# 19 inch wheels



## 12silverLT (Jan 31, 2014)

Cruze SRIV said:


> My cruze sriv with 19 inch wheels and bc racing coil overs


that looks awesome. what is taht grill?


----------



## brian v (Dec 25, 2011)

That is an Australian Holden Cruzen 12silver LT ..


----------



## fastduo (Dec 24, 2013)

That looks really great. What are the specs on the wheels and tires?


----------



## CHEVYCRUZE RS (Mar 29, 2011)

Not a big fan of 19s but dang, that looks just about right, nice work.


----------



## money_man (Feb 25, 2014)

They are beautiful


----------



## danielp23 (May 14, 2013)

Looks great!


----------



## Aussie (Sep 16, 2012)

12silverLT said:


> that looks awesome. what is taht grill?


This is the standard SRI-V grille.

View attachment 65937


----------



## brian v (Dec 25, 2011)

Sup Aussie . So like do the Aussie's black out the lion on they're cruzens or do you guys prefer replacing the whole front Grille with an aftermarket Grille ?


----------



## Aussie (Sep 16, 2012)

I have not personally seen a single Cruze with an altered grill and very few with any modifications.
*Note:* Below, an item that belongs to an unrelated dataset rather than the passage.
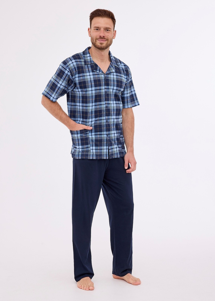 Piżama męska rozpinana z krótkim rękawem i długimi spodniami.

Why would you bother with a Cruze when there are plenty of good condition second hand V8 RWD cars around with manual transmissions that can be made to really fly without spending much?
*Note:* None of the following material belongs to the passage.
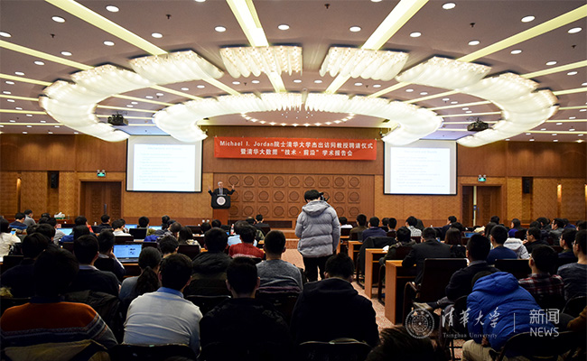 仪式后,乔丹院士作了题为“计算思维、推断思维与数据科学(On Computational Thinking, Inferential Thinking and Data Science)”的主题报告,分享了他在数据科学关键问题上的思考和实践。他深入分析了在大数据背景下我们面临的理论和系统两大挑战,以隐私、通信约束为例阐述了解决这两大挑战的计算思维与推断思维,并介绍了加州大学伯克利分校在大数据领域的最新研究成果,重点推介了集统计推断、机器学习、大数据计算为一体的全面超越上一代分布计算框架Spark的新一代分布式机器学习系统Ray。

For instance my sons 304 RW HP 1999 Commodore 6 speed LS1 wagon on a dyno.

http://www.youtube.com/watch?v=FUGhu_Nmetg


----------



## money_man (Feb 25, 2014)

you aussies have those badass ford falcons that make like 400+ hp stock don't you?


----------



## Aussie (Sep 16, 2012)

money_man said:


> you aussies have those badass ford falcons that make like 400+ hp stock don't you?


You mean cars like this?

HSV V falcon supercharged - Bing Videos


----------



## brian v (Dec 25, 2011)

Aussie said:


> I have not personally seen a single Cruze with an altered grill and very few with any modifications. Why would you bother with a Cruze when there are plenty of good condition second hand V8 RWD cars around with manual transmissions that can be made to really fly without spending much?
> 
> For instance my sons 304 RW HP 1999 Commodore 6 speed LS1 wagon on a dyno.
> 
> 99 VTII wagon dyno run, 14 years old, 220,000km, only a cat back exhaust and mild tune, 226.9rwkw - YouTube



Well then you will have to drive to the Gold Coast to see this guys modified grille see 1. 
Or not ...


----------



## Aussie (Sep 16, 2012)

I actually will be driving up that way as my daughter is graduating from a Queensland University in August, but after a 10 hour drive I doubt I will really care about anything but a shower. Aussie.


----------



## Cruze SRIV (Oct 26, 2013)

Yes it is Holden Cruze 2013 SRIV thats top of the range here in Australia


----------



## Cruze SRIV (Oct 26, 2013)

they are 19x8 DTM GTR wheels with 245/40x19 Nitto Invo tyres


----------



## Blue Angel (Feb 18, 2011)

Cruze SRIV said:


> they are 19x8 DTM GTR wheels with 245/40x19 Nitto Invo tyres


Looks great! What offset are the wheels?


----------



## Cruze SRIV (Oct 26, 2013)

its a walkinshaw grill


----------



## RoadRage (May 19, 2012)

Actually its an irmscher grill sold through walkinshaw performance

Sent from AutoGuide.com Free App


----------